◆ Task requirements ◆
When you output the entries, begin with the first line and end with the line containing "3 x SETS CHESS PIECES, CARVED WOOD", keeping each line exactly as it is.

◆ Given entries ◆
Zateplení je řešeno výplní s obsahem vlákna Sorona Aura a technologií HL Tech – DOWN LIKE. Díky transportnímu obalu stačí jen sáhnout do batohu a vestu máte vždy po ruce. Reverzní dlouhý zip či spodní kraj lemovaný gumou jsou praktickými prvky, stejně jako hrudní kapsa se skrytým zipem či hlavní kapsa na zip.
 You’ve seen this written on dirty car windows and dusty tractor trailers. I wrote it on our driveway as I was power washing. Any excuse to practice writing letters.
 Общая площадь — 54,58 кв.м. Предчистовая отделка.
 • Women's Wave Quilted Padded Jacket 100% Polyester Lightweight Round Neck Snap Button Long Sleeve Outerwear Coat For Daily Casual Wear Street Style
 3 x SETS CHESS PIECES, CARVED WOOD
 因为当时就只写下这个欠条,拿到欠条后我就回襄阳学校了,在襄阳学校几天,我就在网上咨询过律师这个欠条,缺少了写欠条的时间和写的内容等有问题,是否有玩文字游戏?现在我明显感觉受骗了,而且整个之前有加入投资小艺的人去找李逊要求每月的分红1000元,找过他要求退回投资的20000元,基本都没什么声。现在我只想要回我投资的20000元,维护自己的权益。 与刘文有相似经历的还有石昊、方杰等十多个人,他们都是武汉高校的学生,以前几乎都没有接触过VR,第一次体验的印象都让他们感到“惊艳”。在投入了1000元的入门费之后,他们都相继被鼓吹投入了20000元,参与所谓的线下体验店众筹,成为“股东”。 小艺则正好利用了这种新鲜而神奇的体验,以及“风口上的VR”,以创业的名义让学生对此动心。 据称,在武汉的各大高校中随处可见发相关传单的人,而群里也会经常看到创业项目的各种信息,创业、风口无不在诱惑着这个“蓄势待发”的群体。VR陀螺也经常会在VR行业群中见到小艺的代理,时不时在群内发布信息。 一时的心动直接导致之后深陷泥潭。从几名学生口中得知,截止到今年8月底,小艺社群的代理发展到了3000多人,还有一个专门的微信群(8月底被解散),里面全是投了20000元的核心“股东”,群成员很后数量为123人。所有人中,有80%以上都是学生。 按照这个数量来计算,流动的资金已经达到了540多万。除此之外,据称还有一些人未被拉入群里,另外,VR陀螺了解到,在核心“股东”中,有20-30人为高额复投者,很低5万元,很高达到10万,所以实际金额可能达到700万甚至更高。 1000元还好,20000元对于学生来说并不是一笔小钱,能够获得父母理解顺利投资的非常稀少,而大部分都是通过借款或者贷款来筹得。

◆ Result for this task ◆
Zateplení je řešeno výplní s obsahem vlákna Sorona Aura a technologií HL Tech – DOWN LIKE. Díky transportnímu obalu stačí jen sáhnout do batohu a vestu máte vždy po ruce. Reverzní dlouhý zip či spodní kraj lemovaný gumou jsou praktickými prvky, stejně jako hrudní kapsa se skrytým zipem či hlavní kapsa na zip.
 You’ve seen this written on dirty car windows and dusty tractor trailers. I wrote it on our driveway as I was power washing. Any excuse to practice writing letters.
 Общая площадь — 54,58 кв.м. Предчистовая отделка.
 • Women's Wave Quilted Padded Jacket 100% Polyester Lightweight Round Neck Snap Button Long Sleeve Outerwear Coat For Daily Casual Wear Street Style
 3 x SETS CHESS PIECES, CARVED WOOD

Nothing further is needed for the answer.